## Supplied entries
=== Section Start ===

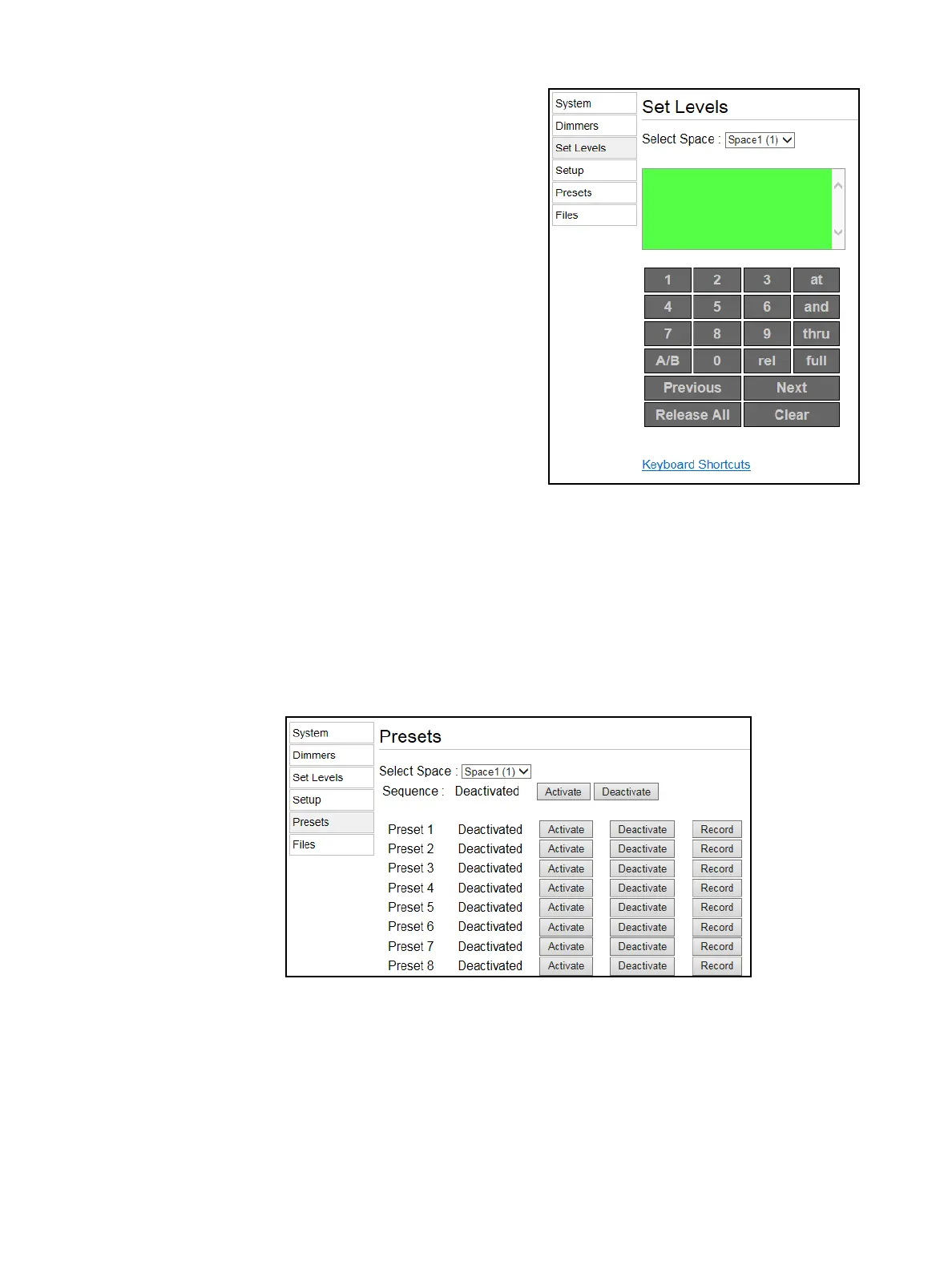 Use this page to activate or deactivate a sequence or activate, deactivate, or record a preset for a
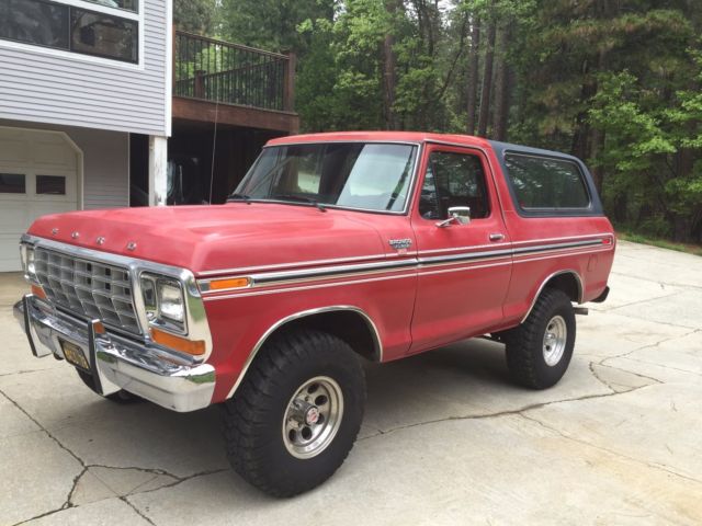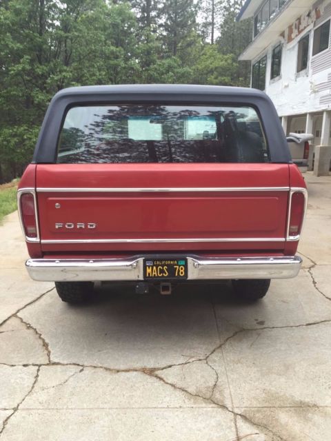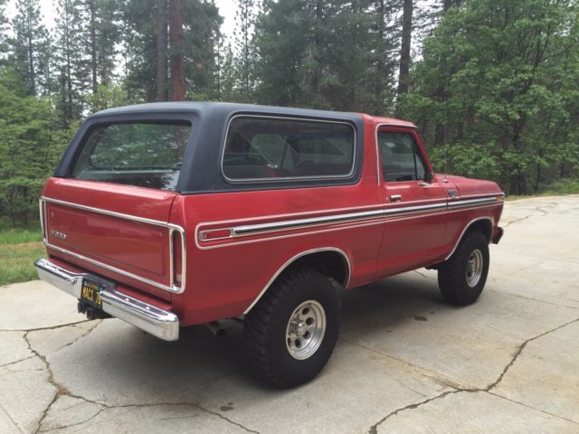 1978 Ford Bronco XLT 103,525 Miles when ad was placed (test drives could increase the miles a bit) 95% Original (after market wheels, stereo and floor mats) Motor 400M Automatic Transmission C6 Air Conditioning AM/FM/Cassette Stereo I think I'm the 3rd owner and I put less than 5,000 Miles on it Original Paint and Interior Original Motor and Transmission, no rebuilds have been performed Brand New Wheels and BFG Mud Terrain 33x11.5x15's. 2" Lift Block in the rear to elimainate the factory sag Everythiung works, even the back window with the dash button and rear tailgate key There are a few small tears on the drivers side of the front bench seat, as shown in the picture Since the paint is original and 40 years old, there are a few flaws here and there and you can see from the pictures, the paint on the top of the roof is faded real bad. The hood also has some oxidizing going on, but might be able to be buffed out. No accidents that I'm aware of, the I would say the body is in great condition, for it's age. This Bronco is being sold "As Is", with no warranty. Please review all pictures thoroughly and ask any questions you have, before biding. Once the vehicle is paid for and pick up, there are no returns, The Vehicle will come with a signed/clear title. Thanks for bidding and good luck ! This is an exceptional "Hard to Find Low Millage Original California Bronco"
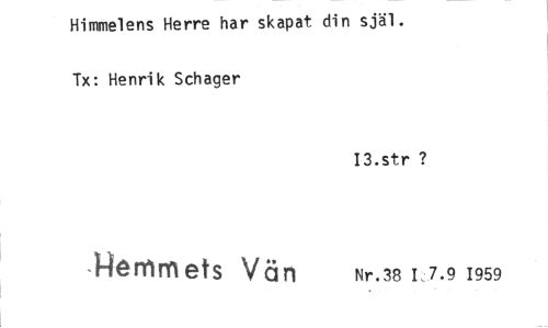 //// Himmelens Herre har skapat din själ. Tx: Henrik Schager //// I3.str ? //// :Hemmets Vän Nr.38 13.9 1959 ////
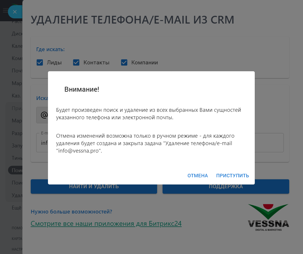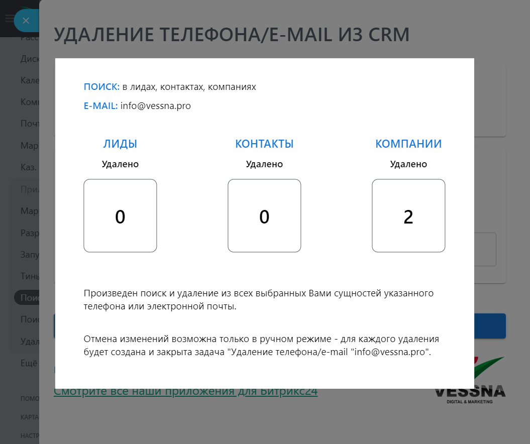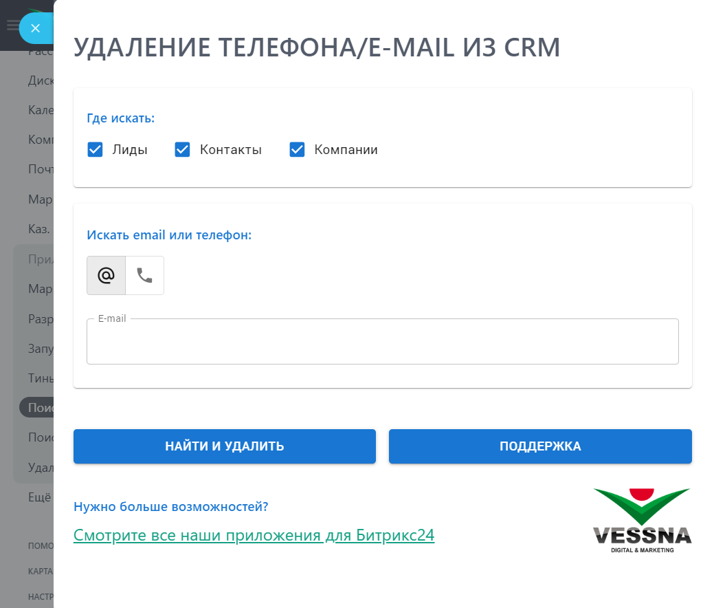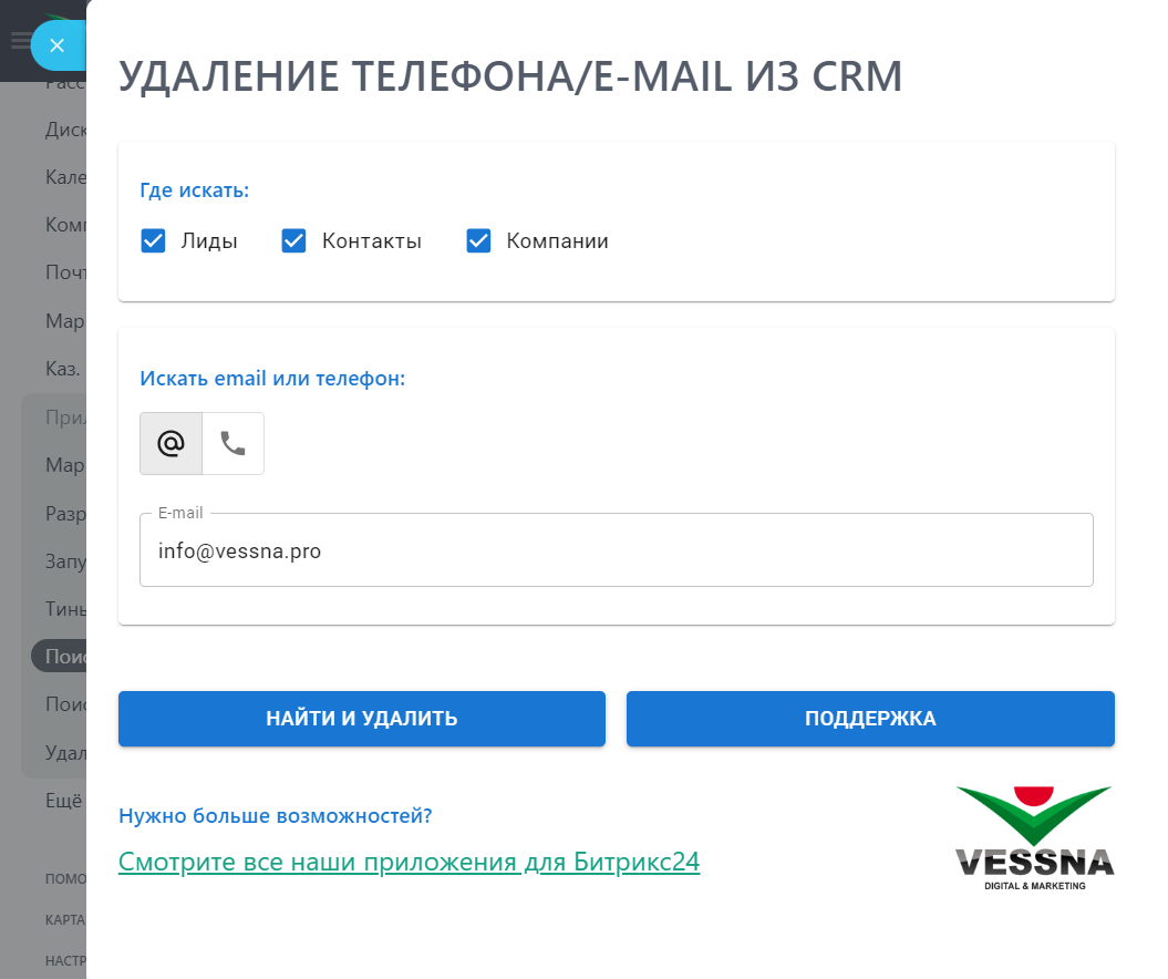 Приложение ищет и удаляет во всех Лидах, Контактах и Компаниях (в зависимости от Вашего выбора) в CRM конкретный номер телефона или адрес электронной почты.
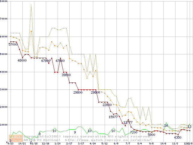PC100 SDRAM DIMM CasLatency=2の最安値推移
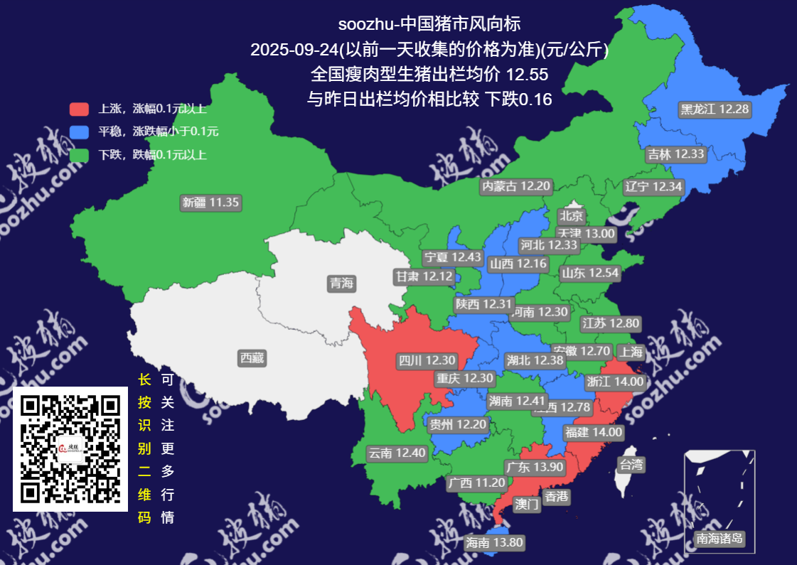 今日全国瘦肉型猪出栏均价12.55元/公斤,较昨日下跌了0.16元/公斤[详情]

=== Section End ===

## Problem
Lines from the one holding "13.9 1959 ////" to the end of the data, both ends included, are to be given again exactly; no pictures belong in the copy.

## Response below
 //// Himmelens Herre har skapat din själ. Tx: Henrik Schager //// I3.str ? //// :Hemmets Vän Nr.38 13.9 1959 ////
 Приложение ищет и удаляет во всех Лидах, Контактах и Компаниях (в зависимости от Вашего выбора) в CRM конкретный номер телефона или адрес электронной почты.
PC100 SDRAM DIMM CasLatency=2の最安値推移
 今日全国瘦肉型猪出栏均价12.55元/公斤,较昨日下跌了0.16元/公斤[详情]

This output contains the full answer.